Have you ever noticed yourself simply gazing or staring at some spot on the floor or wall or ceiling? Have you noticed yourself looking away or up or somewhere else when really thinking about something you are saying or want to say, particularly when the subject is loaded emotionally? As a therapist, I notice this all the time. Clients often become unnecessarily self-conscious about it and force themselves to make eye contact with me. While their gaze continues to drift back to these spots, they do not allow themselves to hold the spot. What they don’t realize is that rather than avoiding eye contact, they are intuitively helping themselves to process by accessing deep neural connections and memories in the subcortical brain.
One child declared “it is awesome” as he progressed from anger to happiness in just five minutes. An adult client was wowed in her brief introduction to Brainspotting, saying, “this really works” and “this is spooky”.
What is Brainspotting and what does it treat?
Brainspotting is a therapeutic technique for processing traumas, negative cognitions, difficult emotions, and upsetting events by focusing your visual field on a spot that stimulates processing. It is a “physiological approach with psychological consequences” that allows us to access our self-healing potential via bypassing the thinking of the neocortex and “promotes organization and integration through coalescence of hitherto separated information files”; “a Brainspot is a stored oculomotor orientation to a traumatic experience which has failed to integrate” (Corrigan & Grand 2013). Brainspotting was developed out of EMDR, discovered (as all the best therapeutic theories and techniques are) by paying attention to clients. It is also related to sensorimotor psychotherapy, somatic experiencing, lifespan integration, mindfulness, and even internal family systems therapies.
Why choose Brainspotting?
It is considered a process that provides deeper and accelerated resolutions that are more powerful and comprehensive that other techniques, including EMDR.
90% of clients have shown significant improvement in just three sessions (Hildebrand et al., 2014).
While Brainspotting can sound and feel like magic, there is a lot of science behind it. I have always loved neuropsychology and studied it just because I loved it, although I won’t likely be able to name all of the many parts of the brain involved in Brainspotting.
Who doesn’t want to feel like Wolverine and discover the confidence of knowing you have the capability to heal yourself?

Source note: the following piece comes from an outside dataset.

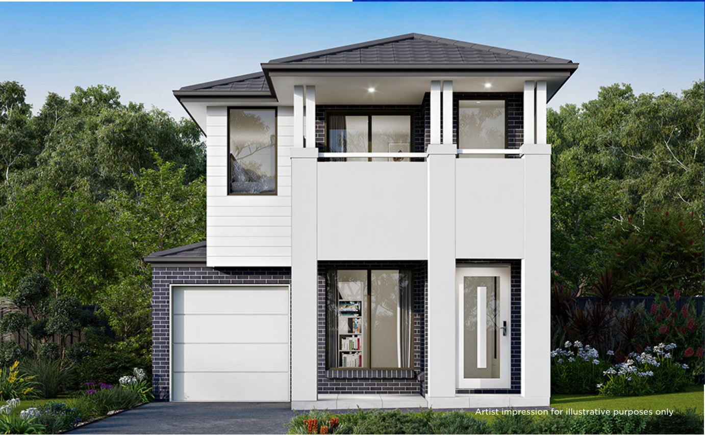
Artist impression for illustrative purposes only

You can talk as much or as little as you want to; you do not have to share your trauma with the therapist for it to be beneficial to you.
I also very much appreciate that it is an “open, integrative, ever-evolving model” and the humility of the founder David Grand, Ph.D.
In addition, I chose to study Brainspotting rather than EMDR because it is appropriate for more clients, particularly those who can be overstimulated; it is flexible allowing us to find the specific iteration of Brainspotting that works best for you.
Who is Brainspotting for?
You. David Grand who discovered Brainspotting says it can benefit anyone with an active nervous system. It can be used with children and adults, those with deep trauma and those experiencing negative thoughts. It is for those people who feel stuck in therapy, people who want to make progress quickly, and those who are easily overwhelmed. One complaint against EMDR is that it can be too stimulating for some. With Brainspotting, there are more options for resourcing and controlling the intensity of processing. I work with many adoptees - adults and children - and others who have experienced developmental and relational trauma, and I believe Brainspotting is the more appropriate “power therapy” for these individuals. Brainspotting can help with any of these:
- Developmental Trauma
- Relationship Pain
- Grief and Loss
- Anxiety and Phobias
- Improving Performance
- Anger Management
- Negative Self-assessment
How do I use Brainspotting?
Brainspotting can be used as an add-on to your current therapy or as your sole therapy. During the Brainspotting process, you can talk as much or as little as you want to; you do not have to share your trauma with the therapist for it to be beneficial to you. If you are currently working with a therapist, I am happy to share information with them at your request.